▸ **Description of the task**:
Give back an exact copy of the lines in the records below, from the line that has "Двусторонняя негативная токарная" through the line that has "Перезаправляемая Под-Система Бруско", and nothing besides.

▸ **Data records**:
☆ ☆ ☆ ☆ ☆

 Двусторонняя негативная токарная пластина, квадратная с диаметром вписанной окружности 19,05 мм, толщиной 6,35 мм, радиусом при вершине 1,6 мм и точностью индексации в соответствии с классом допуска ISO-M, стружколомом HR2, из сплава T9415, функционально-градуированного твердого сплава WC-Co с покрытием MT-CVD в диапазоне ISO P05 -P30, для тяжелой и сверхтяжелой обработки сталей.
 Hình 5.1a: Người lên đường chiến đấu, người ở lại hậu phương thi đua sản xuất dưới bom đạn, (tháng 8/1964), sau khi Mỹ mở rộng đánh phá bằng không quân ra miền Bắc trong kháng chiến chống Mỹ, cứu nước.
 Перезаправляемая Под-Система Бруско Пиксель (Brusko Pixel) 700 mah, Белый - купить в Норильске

☆ ☆ ☆ ☆ ☆

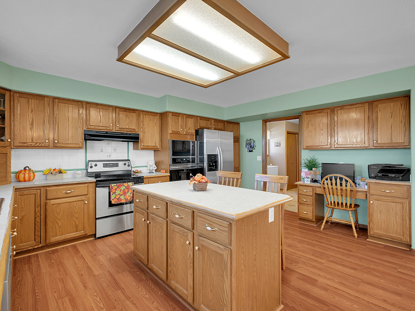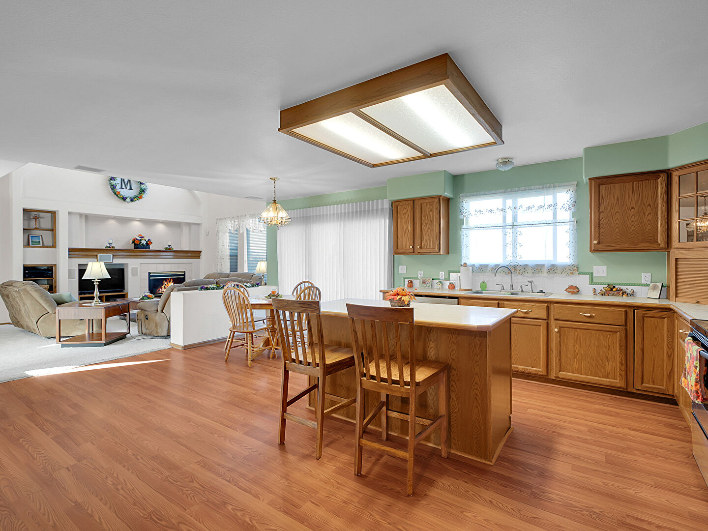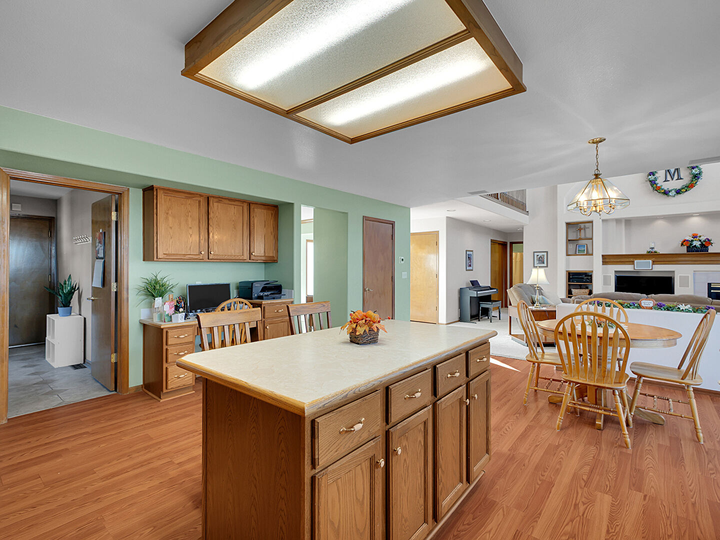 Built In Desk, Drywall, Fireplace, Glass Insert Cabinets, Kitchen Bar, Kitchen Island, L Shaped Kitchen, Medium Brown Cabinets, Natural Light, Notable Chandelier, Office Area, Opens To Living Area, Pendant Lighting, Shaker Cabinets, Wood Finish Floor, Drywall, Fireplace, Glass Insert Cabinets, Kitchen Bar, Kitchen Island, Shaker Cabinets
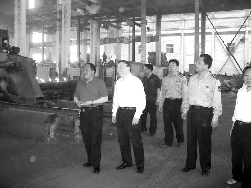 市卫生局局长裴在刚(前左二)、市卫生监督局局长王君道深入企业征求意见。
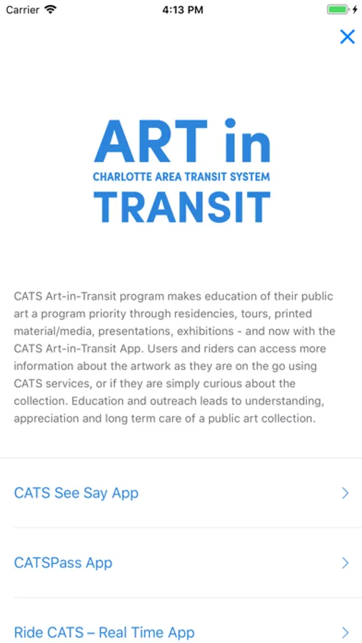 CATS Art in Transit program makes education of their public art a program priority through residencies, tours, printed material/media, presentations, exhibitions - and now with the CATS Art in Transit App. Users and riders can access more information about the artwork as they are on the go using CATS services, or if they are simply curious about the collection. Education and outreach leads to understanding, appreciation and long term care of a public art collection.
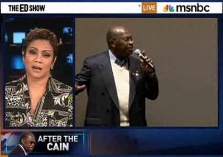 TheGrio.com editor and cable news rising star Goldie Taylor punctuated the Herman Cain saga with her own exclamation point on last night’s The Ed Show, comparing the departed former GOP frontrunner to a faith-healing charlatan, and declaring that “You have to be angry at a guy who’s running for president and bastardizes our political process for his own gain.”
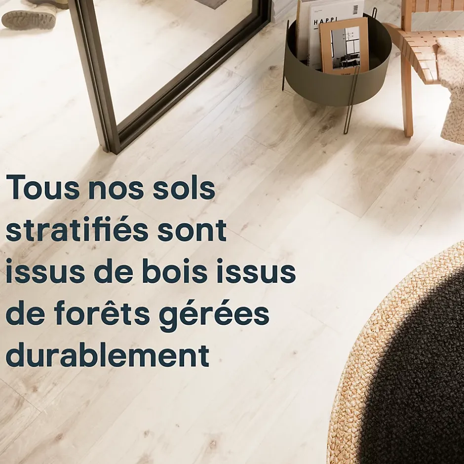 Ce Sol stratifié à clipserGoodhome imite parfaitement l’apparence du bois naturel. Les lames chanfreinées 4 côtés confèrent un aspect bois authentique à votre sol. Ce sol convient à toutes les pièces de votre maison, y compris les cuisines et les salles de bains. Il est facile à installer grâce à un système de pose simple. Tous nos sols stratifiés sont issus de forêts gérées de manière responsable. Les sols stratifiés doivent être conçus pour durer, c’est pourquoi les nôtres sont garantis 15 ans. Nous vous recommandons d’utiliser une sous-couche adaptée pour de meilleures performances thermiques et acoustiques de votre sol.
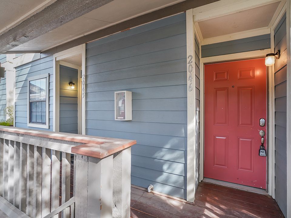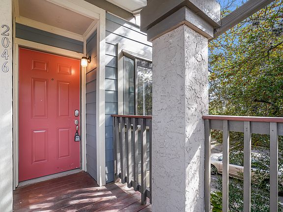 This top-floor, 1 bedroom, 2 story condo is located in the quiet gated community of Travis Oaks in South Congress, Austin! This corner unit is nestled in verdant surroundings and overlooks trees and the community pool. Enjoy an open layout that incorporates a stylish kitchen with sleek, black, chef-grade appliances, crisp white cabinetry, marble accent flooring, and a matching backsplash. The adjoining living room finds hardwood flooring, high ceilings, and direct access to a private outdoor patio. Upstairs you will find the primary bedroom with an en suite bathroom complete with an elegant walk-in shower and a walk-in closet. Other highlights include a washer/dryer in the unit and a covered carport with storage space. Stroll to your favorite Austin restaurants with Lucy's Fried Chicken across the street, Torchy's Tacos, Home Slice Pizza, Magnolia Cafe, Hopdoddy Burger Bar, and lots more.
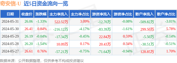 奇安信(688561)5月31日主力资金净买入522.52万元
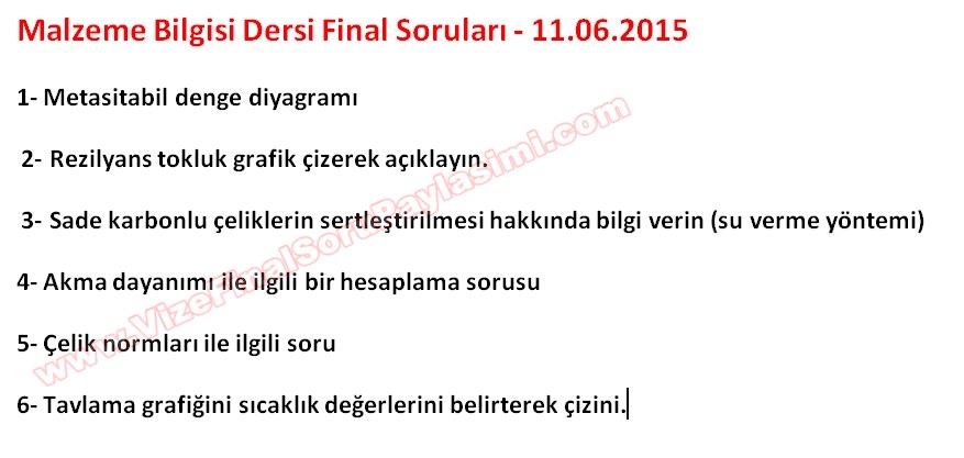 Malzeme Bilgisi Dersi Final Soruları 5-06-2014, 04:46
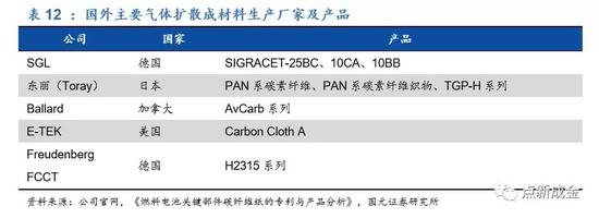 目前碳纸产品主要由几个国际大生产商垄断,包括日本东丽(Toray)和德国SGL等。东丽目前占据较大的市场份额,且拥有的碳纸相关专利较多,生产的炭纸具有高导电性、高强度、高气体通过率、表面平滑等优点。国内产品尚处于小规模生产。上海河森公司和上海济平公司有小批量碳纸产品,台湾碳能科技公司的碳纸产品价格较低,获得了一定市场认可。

☆ ☆ ☆ ☆ ☆

▸ **Solution to the problem**:
 Двусторонняя негативная токарная пластина, квадратная с диаметром вписанной окружности 19,05 мм, толщиной 6,35 мм, радиусом при вершине 1,6 мм и точностью индексации в соответствии с классом допуска ISO-M, стружколомом HR2, из сплава T9415, функционально-градуированного твердого сплава WC-Co с покрытием MT-CVD в диапазоне ISO P05 -P30, для тяжелой и сверхтяжелой обработки сталей.
 Hình 5.1a: Người lên đường chiến đấu, người ở lại hậu phương thi đua sản xuất dưới bom đạn, (tháng 8/1964), sau khi Mỹ mở rộng đánh phá bằng không quân ra miền Bắc trong kháng chiến chống Mỹ, cứu nước.
 Перезаправляемая Под-Система Бруско Пиксель (Brusko Pixel) 700 mah, Белый - купить в Норильске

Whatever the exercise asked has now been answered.